>thought there was some girl at work who liked me because when i feigned being upset over her teasing me she said "user i just tease you because i want to be friends with you" >at a bar yesterday she tells me "hey user how are you dealing with knowing you will die alone" and everyone laughs
another one gone
Ryan Wood
>Let myself go after my oneitis of a few years broke my heart >Before that, I worked hard to become charismatic, good looking and to build game >Worked because I managed to have people gravitate to me, platonically and romantically >Didn't even have to do all the work to get girls because many would literately throw theirselves at me (srs) >Was too beta with my oneitis and at the point of no return before I realized I was being led on >After that, became mostly a shut in for 4 years and undid all of my hardwork >Fast forward to now >No longer a NEET >Saving money >Finally see the world and people for what they are, while realizing how to play them >Joining the gym properly soon
Sometimes a man needs to spend a while in the abyss. Who /Abysswalker/ here?
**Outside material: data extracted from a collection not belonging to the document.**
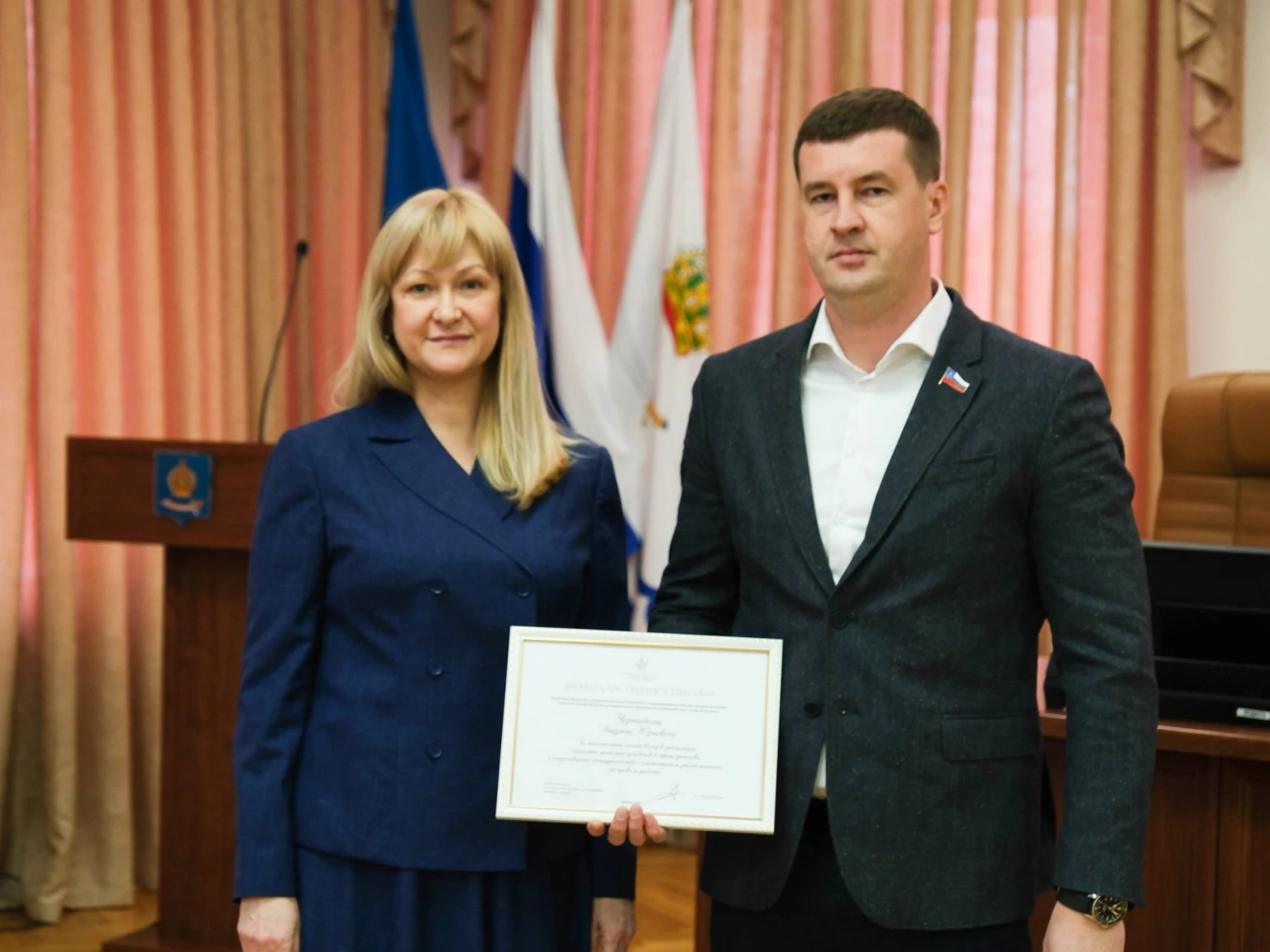 За значительный вклад в реализацию социально значимых проектов в сфере детства и плодотворное сотрудничество с институтом уполномоченных по правам ребенка член Астраханской «ОПОРЫ РОССИИ», депутат Городской Думы МО «Городской округ город Астрахань» Андрей Черничкин получил Благодарственное письмо Уполномоченного при Президенте РФ по правам ребенка Марии Львовой‑Беловой. Награду предпринимателю передала Уполномоченный по правам ребенка в Астраханской области Анна Фадеева.
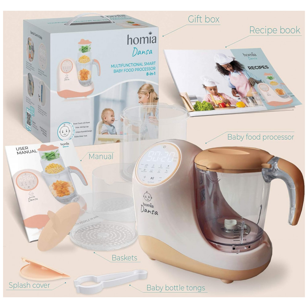 Processador de Alimentos para Bebês 8 em 1 Capacidade 600 mL, HOMIA Dansa, Laranja Claro: 8 EM 1 Cozinhe, esterilize, cozinhe, faça suco, aqueça, descongele, faça purê e pique tudo o que você precisa de um processador de alimentos para bebês.
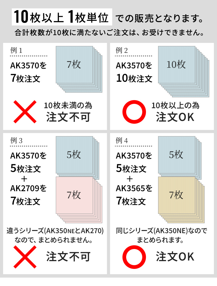 合計枚数が10枚に満たないご注文はお受けできませんので、ご了承下さいませ。| (例1) AK3502を8枚 | : ご注文はお受けできません。 |
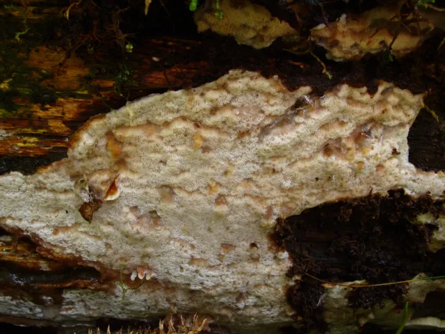 Fruktlegemene er ettårige og resupinate. Kjuken er voksaktig og noe gjennomskinnelig og osteaktig som fersk. Den er meget hard som tørr. Poreflaten er hvit som fersk, og ved tørking blir den okerfarget til blekt oransje. Porene er kantete og 4–6(–7) per mm.
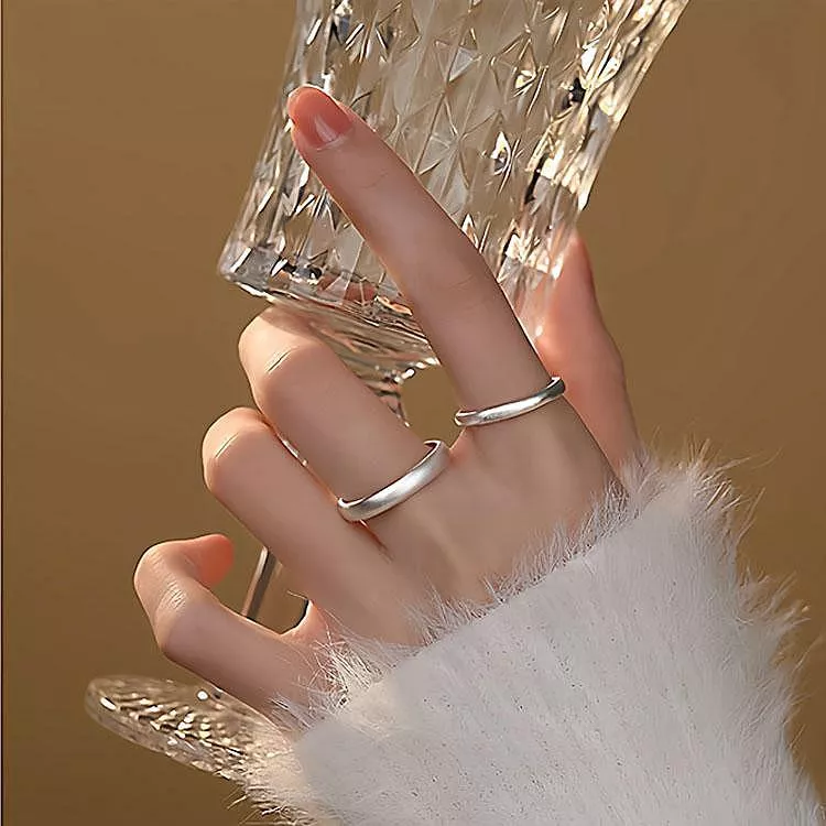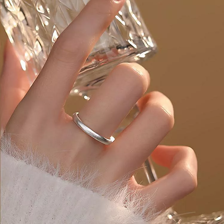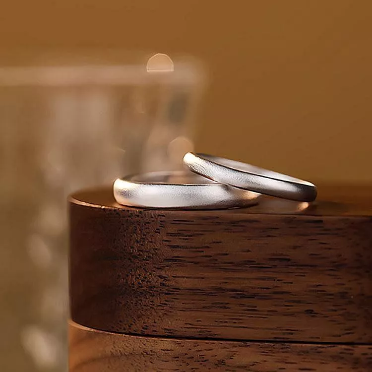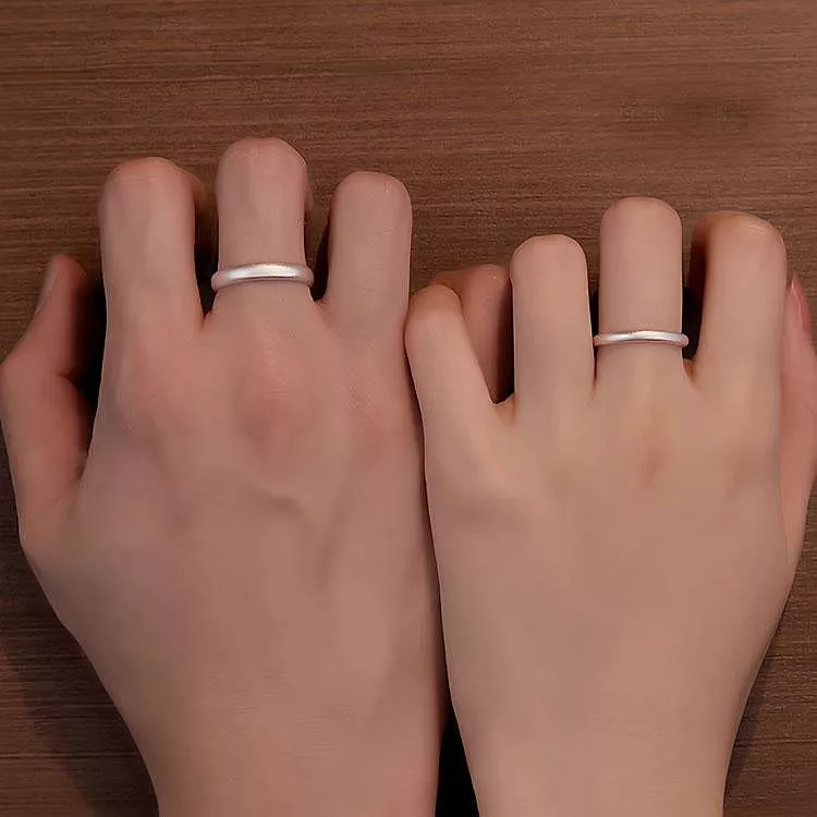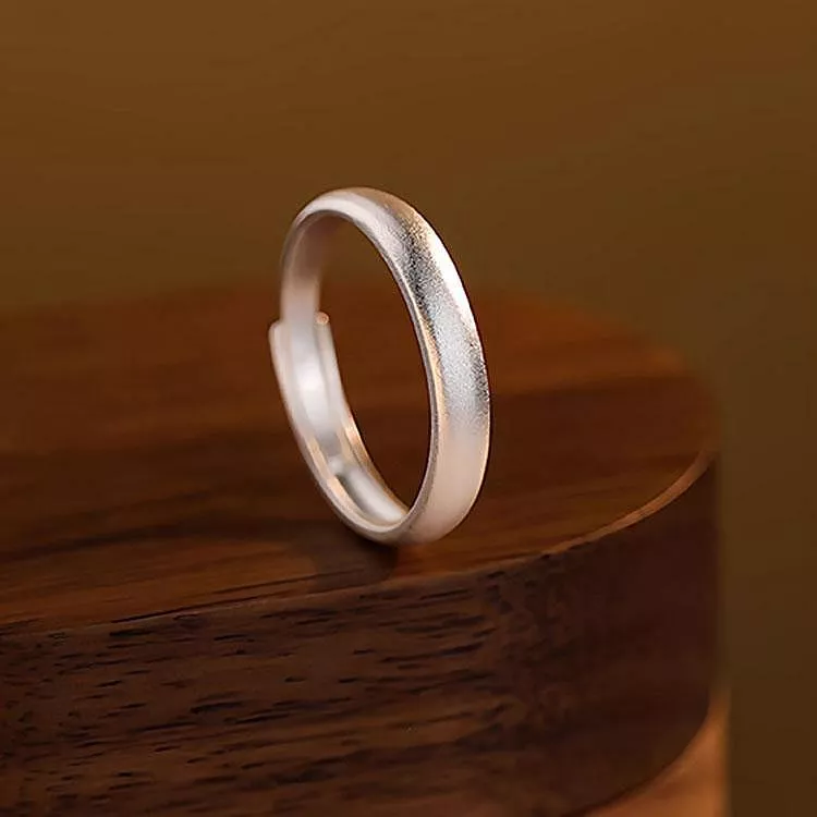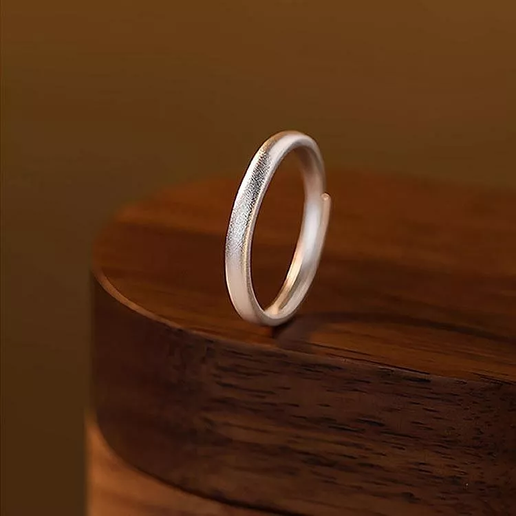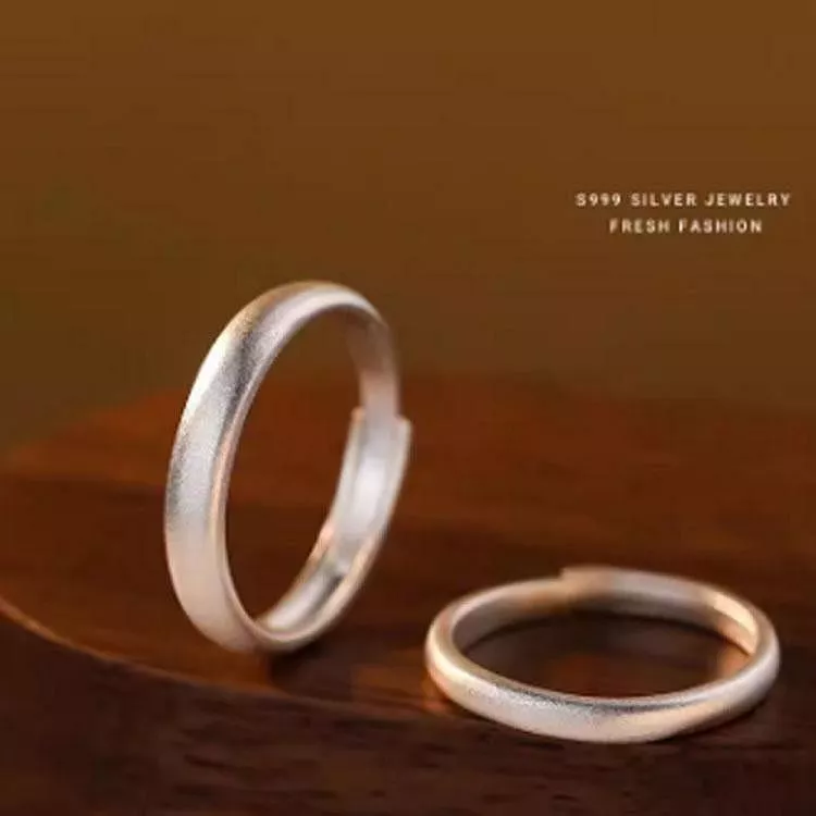 S999純銀開口磨砂戒指情侣對戒情人節禮物

I pull girls from the abyss, man up mentally weak fags. Sisyphus got drowned in pussy every night and was reborn in the morning
Nicholas Cox
Trannies are even worse bro trust me. The pills make them psycho
Jaxson Morgan
this guy gets it
>be me, 4 years ago >madly in love with a chick, we ended up spending a bit more than 2 years together >no hobbies, no interests, skelly mode, 64kg on 187cm >dont know how to talk with people, autistic >spend all of my days either texting/hanging out with her or playing vidya >2 friends in total >everything i do revolves around her, everything i try to achieve is built on her foundations >literally not a person, just a sack of bones who has one thing on their mind 24/7 >we break up >hurts like a bitch >left with nothing afterwards, not even myself >no hobbies, no interests >ground zero >spend about a year and a half recovering >realize that im either going to die alone or try to make something out of >start going to the gym >start thinking about everything >decide its time to change for the good >start lifting, found a job, started learning shit every day >take in a motto from the quest in hellfire peninsula 'waste not, want not' >start being careful about what i put in myself, no more sugars, no more sodas, fats >start improving in every aspect i can, even by a margin >pick up new hobbies, discover new passions >fake it until you make it works like a charm >start being more outgoing, learn how to talk to people >get a new gf, new friends, new everything literally >life is good >not as big of an autistic sperg as i was, all thanks to that one chick im now aiming for a goal with a clear sight
I fondly remember that girl, even through all the pain i went through, she made me realize its do or die, and she allowed me to start anew
Andrew Reed
Women don't pull you from the dark abyss. They push you there
Jose Nguyen
>>pick up new hobbies, discover new passions >>fake it until you make it works like a charm >>start being more outgoing, learn how to talk to people
Hey user... I'm plateauing here.
My life is 100% boring and I want to stop being so afraid to break out of my shell.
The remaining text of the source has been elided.